(ACTIVITY):
Using the entries that follow, transcribe only the lines from the line with "KALISTA Fidah Lavender" to the line with "Cloakroom/Wc - 1.75m,0.97m", both included, exactly as they stand and without pictures.

_ _ _

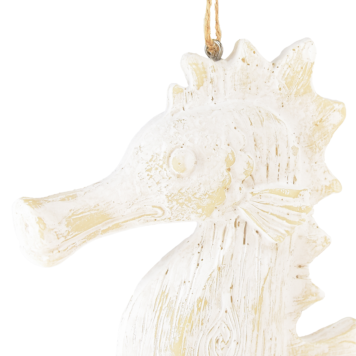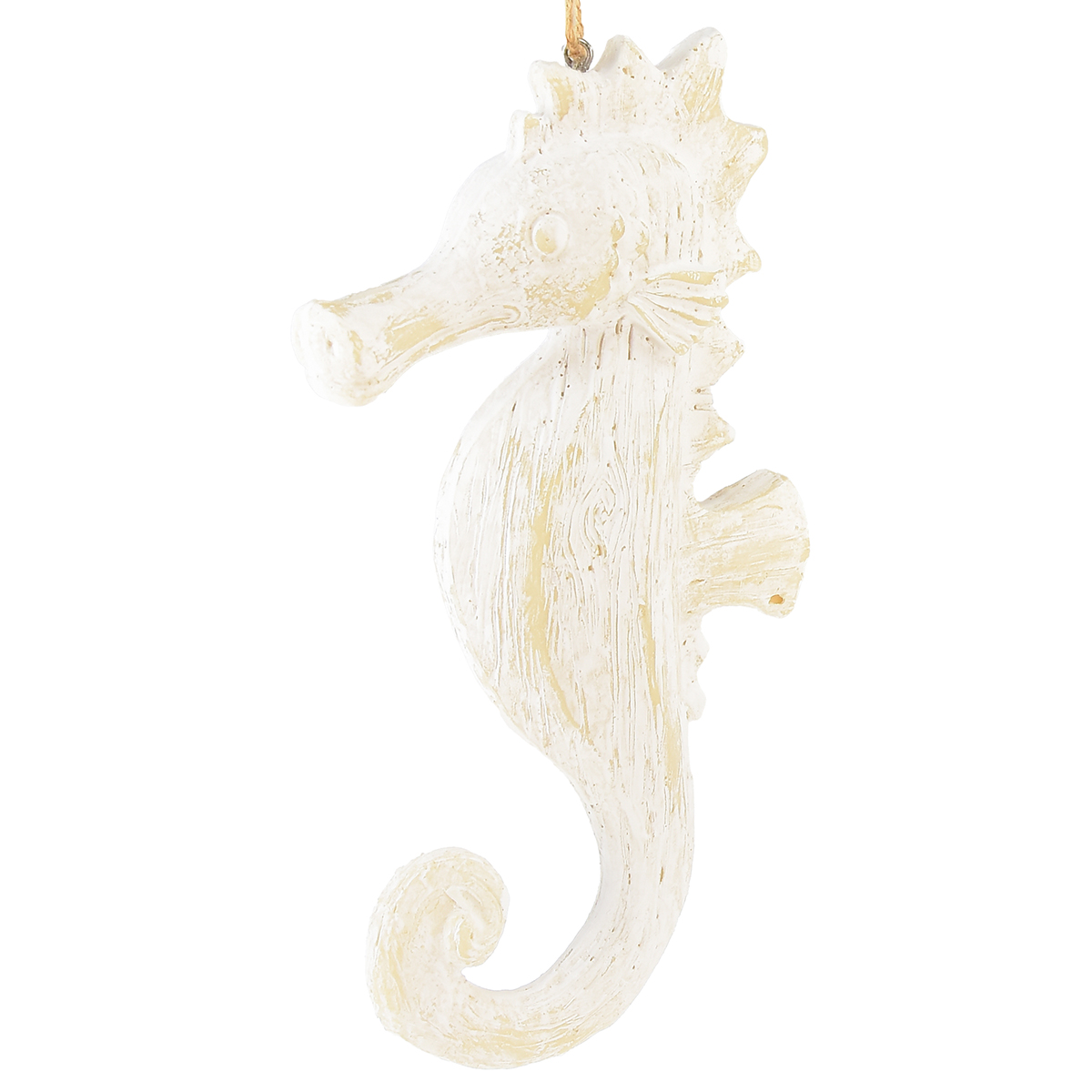 Die hübsche Seepferd-Hängedeko wirkt, als sei sie aus Holz geschnitzt, besteht aber aus Kunststoff und ist dabei im angesagten Shabby Chic gestaltet.
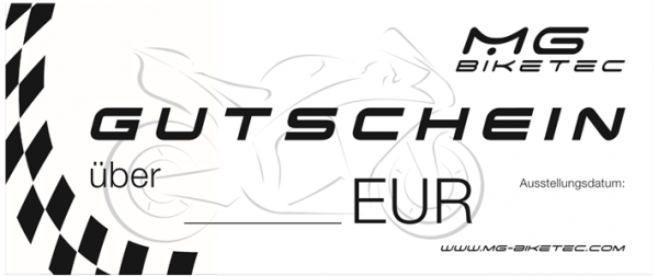 Mit einem MG Biketec Geschenkgutschein machen Sie garantiert alles richtig! Die große Auswahl an unseren Produkten für so gut wie alle gängigen Motorradmarken, lässt keine Wünsche offen.
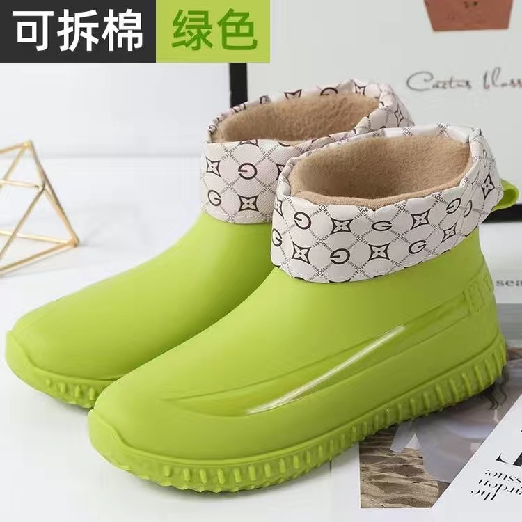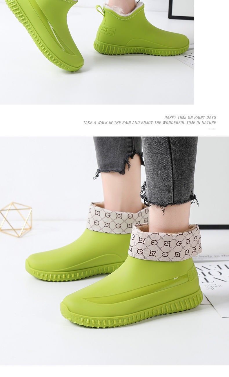 韩版时尚鞋马丁雪地防水靴厨房加绒雨鞋女水鞋短筒平跟防滑油胶鞋
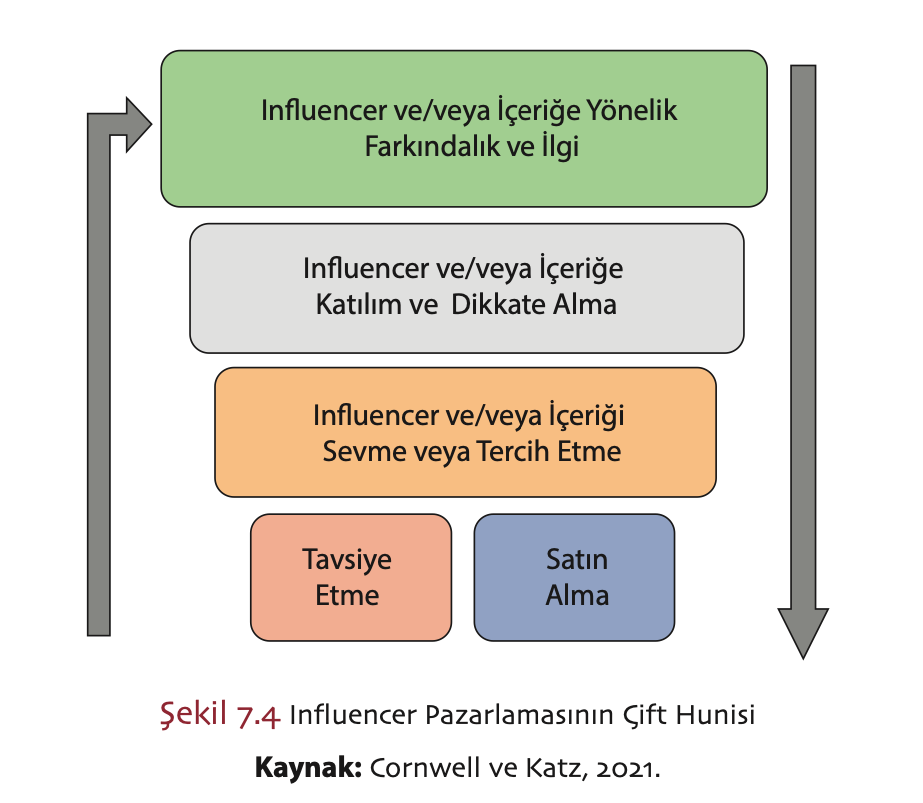 Influencer pazarlaması, sosyal medya ile med- yanın çeşitlenmesi ve izleyici seçiciliğinin artması ile birlikte ortaya çıkmıştır. Dolayısıyla influencer pazarlaması, pazarlama karmasında iletişim kanalı olarak sosyal medya influencerlarını kullanmaya odaklanmaktadır. İşletmeler, influen- cerlar aracılığıyla daha büyük ve daha spesifik kitlelerle iletişim kurarlar
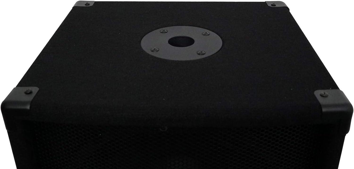 Ergonomic Recessed Handles. Molded Steel Grill. Aviation Grade Black Carpet. Pole Mount. Rubber Isolating Feet. Binding Post / Banana Plug Terminals (Negative/Positive). 1/4 Jack (In/Out)
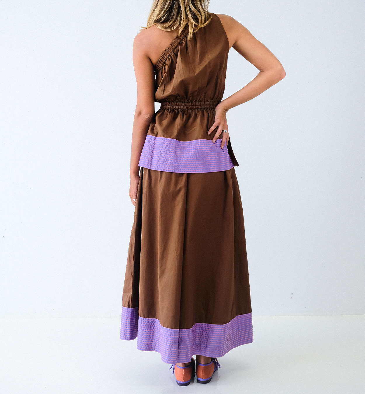 The brown and purple colour block combination is elevated with neon orange contrast stitching on the purple peplum panel, adding a sharp, unexpected detail. Side slits enhance movement and ease, making this an effortless statement piece for warm days, travel and elevated casual styling.
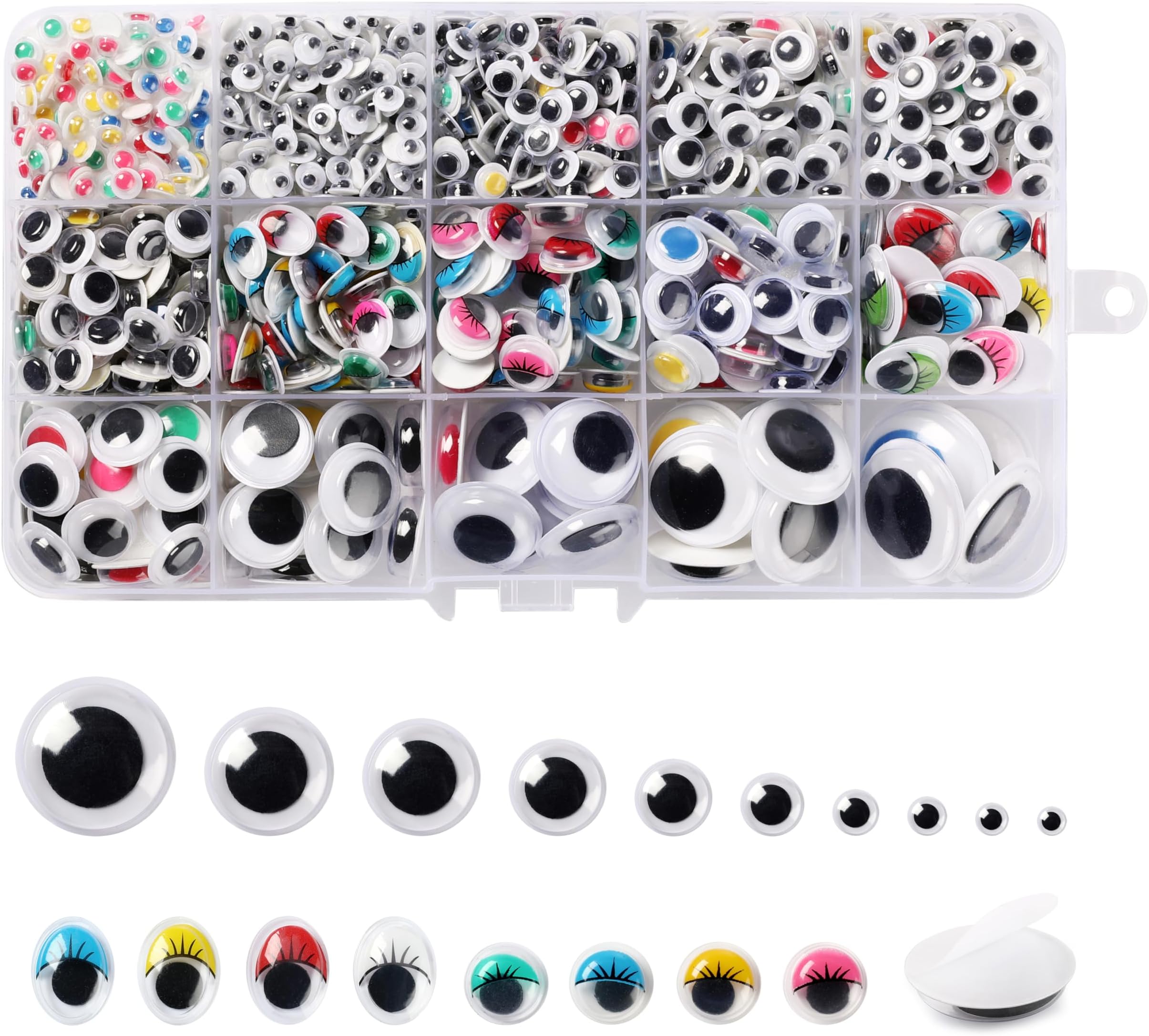 TOAOB 1250 Wackelaugen Selbstklebend - 4mm Bis 12mm - Für Basteln & Scrapbooking
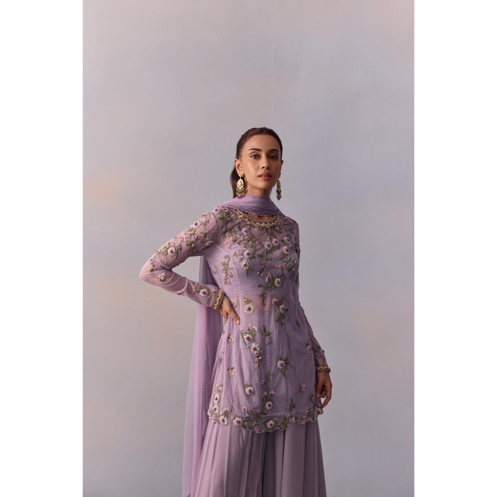 KALISTA Fidah Lavender Embellished Bustier with Sharara and Dupatta & Jacket (Set of 4)
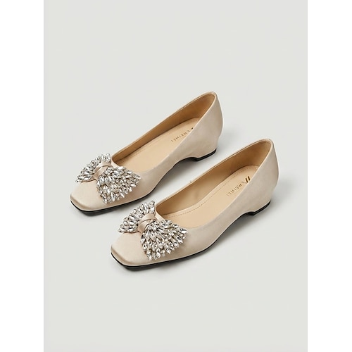 Ballerine da donna color champagne con tacco basso e zeppa nascosta – eleganti décolleté decorate per la madre della sposa, perfette per matrimoni in città. eventi formali
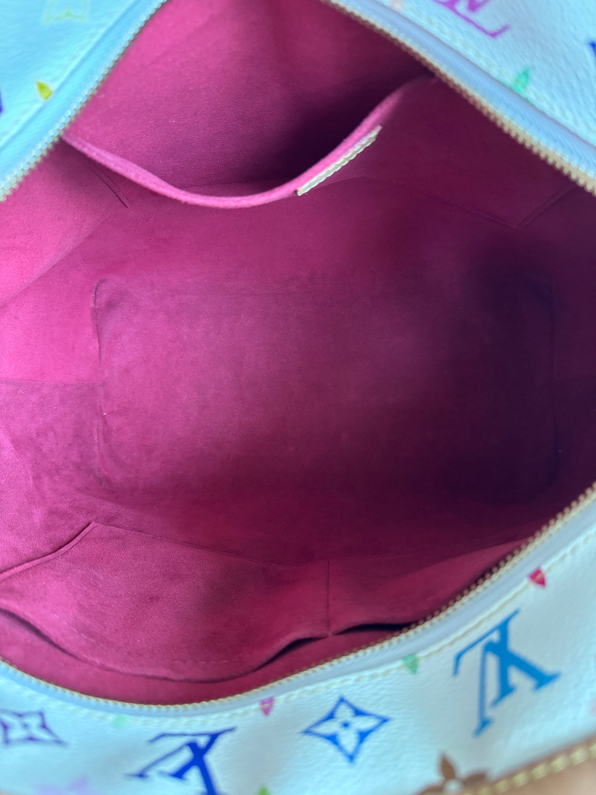 Takashi Murakami bags are one of the most highly collectible bags of Louis Vuitton. And this particular bag is suitable as an overnight bag and as an airport bag.
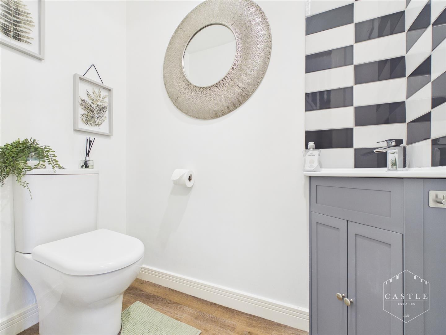 Cloakroom/Wc - 1.75m,0.97m (5'9,3'2) - Newly fitted suite with fitted corner basin with storage underneath and tile splashback, extractor fan, w/c, central heating radiator.
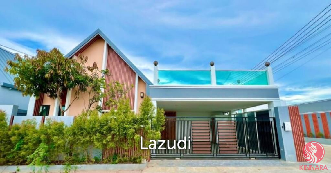 Nordic Pool Villa 3 Bedrooms, 4 Bathrooms for Sale in East Pattaya. Is Available in Thai Name Ownership, sitting on 280 Sqm of land plot size, 188.58 Sqm of useable area, comes full furnished, Thai and European kitchen, full air con, Built-in furniture, en-suite bathroom, open plan living area, and outdoor space included private swimming pool .

_ _ _

(YOUR RESPONSE):
 KALISTA Fidah Lavender Embellished Bustier with Sharara and Dupatta & Jacket (Set of 4)
 Ballerine da donna color champagne con tacco basso e zeppa nascosta – eleganti décolleté decorate per la madre della sposa, perfette per matrimoni in città. eventi formali
 Takashi Murakami bags are one of the most highly collectible bags of Louis Vuitton. And this particular bag is suitable as an overnight bag and as an airport bag.
 Cloakroom/Wc - 1.75m,0.97m (5'9,3'2) - Newly fitted suite with fitted corner basin with storage underneath and tile splashback, extractor fan, w/c, central heating radiator.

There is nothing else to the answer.